2023-12-10, 10:10–10:40 (Asia/Taipei), NYCU
Profiling is widely used to analyze a program’s runtime performance characteristics. It collects performance metric such as CPU usage, function call frequencies and generates reports, graphs, or visualizations that highlight hotspots. There are two kinds of profiling tools, non-intrusive profiling and intrusive profiling. The former gathers information about the program’s behavior by periodically observe the program’s state without modifying its code, the later involves modifying the program’s code or behavior to gather performance data, including source code instrumentation or binary rewriting.
However, most of the existing profiling tools are sampling based such as linux perf, meaning that it can’t capture precise hit count of each function being executed.
In this proposal, I would like to talk about how linux perf tool gathers performance metric and how can one benefit from it to build a source code level profiling tool for a C++ application.
The optimization of software performance is a critical concern for developers, especially in HPC, where efficiency laid the basic foundation of the success of an application. To tweak a program’s performance, one can use profiling to identify areas of code that consume significant resources, such as CPU time, memory, or I/O operations.
Sampling-based profiler offers a non-intrusive method for analyzing the performance of a software application. Generally, it has lower overhead compared to instrumentation-based profilers. They regularly collect data, minimizing the impact on the application’s runtime performance. Though easy to use, sampling-based profilers sometimes miss short-lived or infrequent events, resulting in imprecise profiling result as specific code segments may be responsible for performance issues.
To make profiling more precise, one can implement a scope-based timer by placing macro at each function to record how many times a function is called and how long it takes for each function to get executed.
Modmesh, a numerical software aiming at solving partial differential equations, is a application written in C++ and python. A scope-based profiler has been implemented along with the computing engine to record the execution time and hit count of each function.
However, the scope-based profiler implemented in Modmesh only supports function level profiling, it didn’t support call path level profiling. A single function may have been executed multiple times, but it may have been called from different functions at run time.

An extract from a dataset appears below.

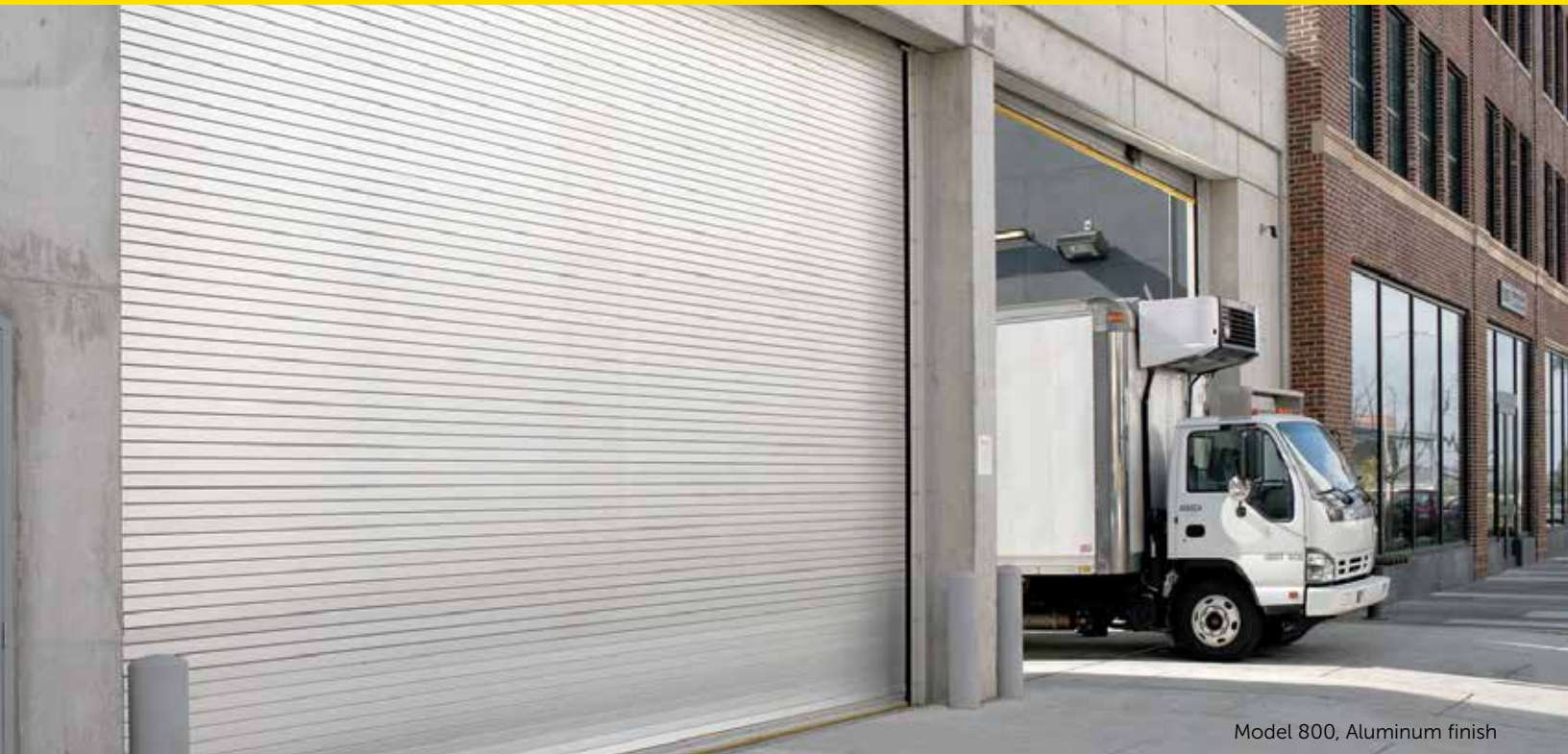
Model 800, Aluminum finish
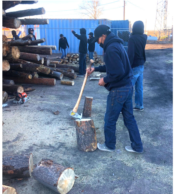
A Tribal Americorps crew processes the firewood

The key to achieve precise call path profiling is the data structure to stroe call path information during runtime. Linux perf tool already provided a good example to store each sampling call stack information. I will discuss how linux perf manipulate different kinds of data structure to generate the call graph and how I borrow the its idea to implement the call path profiling in Modmesh.
No, previous knowledge expected
Language –Mandarin talk w. English slides
Quentin Tsai received a Bachelor’s degree in Computer Science from National Yang Ming Chiao Tung University, Taiwan. In 2022, he completed his Masters in Cybersecurity from National Yang Ming Chiao Tung University, Taiwan. His research interests include software testing, financial engineering and high performance computing.
Quentin is now working at Nvidia as a QA automation engineer.